Edward Quinn (1920–1997) was born in Ireland. He lived and worked as a photographer from the 1950s, on the Côte d'Azur, during the "golden fifties" the playground of the celebrities from the world of show biz, art and business.

The rich and the famous came to the French Riviera to relax. But the movie stars knew how much their off-screen image counted; Quinn was at the right place at the right time, making spontaneous images which caught their charm, sophistication and chic. Amongst celebrities and stars captured on film by Quinn were Grace Kelly, Brigitte Bardot, Marlon Brando, Sophia Loren, Aristotle Onassis, Maria Callas, Winston Churchill, and Somerset Maugham.
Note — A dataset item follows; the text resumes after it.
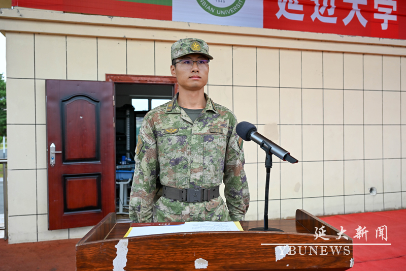 工學院輔導員蔣君豪、地理與海洋科學學院輔導員雷歡代表全體指導員發言;駐延吉某部隊毛歆志、駐琿春某部隊許天浩代表全體軍訓教官發言;文學院2025級新生劉昊軒、經濟管理學院2025級新生范澤錦代表全體參訓學生發言。

In 1951 Edward Quinn met and photographed Pablo Picasso for the first time. Their friendship lasted until Picasso's death in 1973. This encounter with Picasso was to be greatly influential to Quinn himself and to his subsequent work. Quinn is the author of several books and films about Picasso.

Since the 1960s Quinn concentrated his work on artists, amongst them Max Ernst, Alexander Calder, Francis Bacon, Salvador Dalí, Graham Sutherland, David Hockney.

In the late 1980s an intense relationship, similar to his friendship with Picasso, linked Quinn to Georg Baselitz.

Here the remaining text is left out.